С трудом дождался звонка, а когда Юросова собрала работы, спросил:
— Что они делали? Вместо того чтобы решать задачи, рисовали!
Юросова засмеялась.
— Вы хотите спросить, что они обводили кружками? Те ответы, которые считали правильными. Мы здесь не требуем от школьников, чтобы они решали задачи, а предлагаем с каждой задачей или примером набор ответов. Скажем: «Сколько будет 5×5?» Четыре ответа: 36, 12, 25 и 0. Правильный ответ ученик должен обвести. Вот и все. Собираем листы и ставим оценки.
— Пятью пять — двадцать пять. Сколько вы мне за это поставите?
— А что у вас было по математике?
— Пять.
Я произнес это с гордостью. Юросова перевела, девочки, толпившиеся вокруг нас, засмеялись. Я удивился:
— А что?
— Пятерка здесь — не очень высокая оценка. Сколько ты получила за прошлую контрольную, Сари?
— Шестьдесят.
— Немного… А ты, Джулия?
— Сто.
— Вот это другое дело! Сто — высшая оценка.
Девочки, посматривая на меня, заговорили наперебой.
— Они спрашивают, как вы вообще учились в школе?
Я смутился. Мои отметки по сравнению с теми, что получают эти темнокожие девчата, выглядели, конечно, нелепо. Четыре — это что-то вроде «очень, очень плохо».

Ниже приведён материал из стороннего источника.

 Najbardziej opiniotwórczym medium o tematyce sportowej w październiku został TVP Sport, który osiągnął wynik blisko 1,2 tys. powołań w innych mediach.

— Скажите им, что я учился вполне удовлетворительно.
Мы сидели на баразе и смотрели, как опускается за горы сиреневое солнце. Синие тени ползли по двору. Из открытых окон школьного клуба доносилась песня.

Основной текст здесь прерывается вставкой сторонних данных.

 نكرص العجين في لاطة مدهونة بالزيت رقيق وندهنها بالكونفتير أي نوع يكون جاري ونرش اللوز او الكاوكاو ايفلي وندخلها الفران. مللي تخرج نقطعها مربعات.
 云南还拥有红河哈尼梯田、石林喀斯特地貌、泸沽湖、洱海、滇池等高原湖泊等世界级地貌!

— Это репетиция самодеятельности… — сказала Юросова. — Вы никогда не видели африканские народные танцы? О, они изумительны! Только для того, чтобы понимать их, надо знать, что значат отдельные движения.

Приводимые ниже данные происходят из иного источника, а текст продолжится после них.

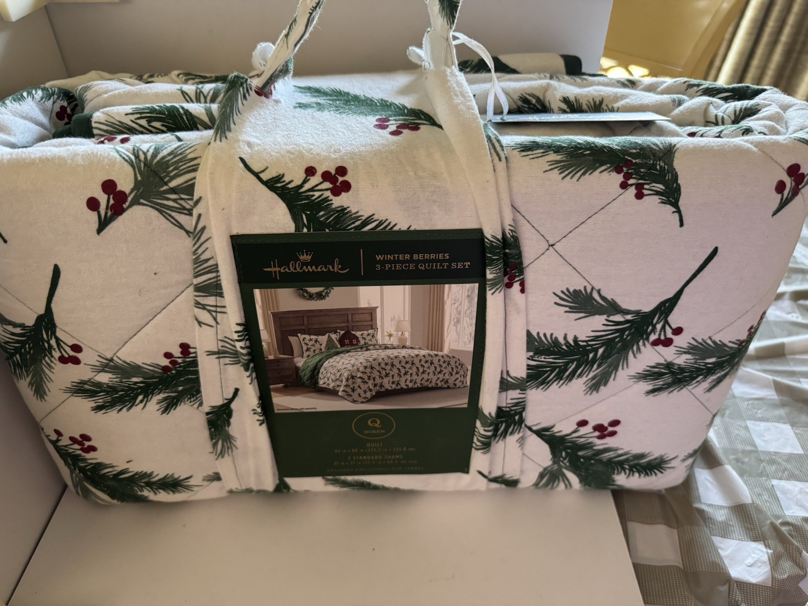 The Hallmark Winter Berries Queen 3-Piece Quilt Set is a charming addition to any bedroom, featuring a floral holiday theme in white, green, and red colors. Made from 100% cotton with a 100% polyester fill, this rectangular quilt set is machine washable for easy care. The quilt set includes a quilt and two pillow shams, all with a quilted finish and measuring 92 inches in length and 88 inches in width. Perfect for adults, this set brings a touch of nature and holiday cheer to any bedroom during the festive season.
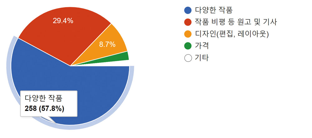 ▹ 작품보다 현실적인 담론이 좋다. ▹ 다양한 작품 수록이 필요하다.

От дерева, которое росло около огорода, отделилась маленькая горбатая тень. За ней вторая… третья… Животные пробежали по земле и скрылись среди грядок.
— Кто это?
— Обезьяны. Надо сказать девочкам.
Юросова ушла, и скоро на шамбе послышались визг и веселые крики. Заметались белые блузки. Потом они приблизились. Девочки со смехом вошли на баразу. Двое тащили мешок. В нем что-то стонало и билось.
— Поймали! Поймали!
— Кого?
— Молодого бабуина.
Девочки стали спорить, что делать с обезьяной. Одна из девочек что-то запальчиво говорила. Остальные ей возражали.
— Нкелигве, вон та девочка, предлагает выпустить обезьянку. А другие считают, что бабуина надо посадить на цепь. Он будет кричать и отпугнет остальных!
Мешок с обезьяной унесли.
— Как ни странно, девочки здесь обычно равнодушны к животным, — сказала Юросова. — В школе нет живого уголка. Никто никогда не приносил на занятия ни одного зверька. А ведь я помню, у нас в Орле это просто бедствие. То ужа в класс принесут, то воробья.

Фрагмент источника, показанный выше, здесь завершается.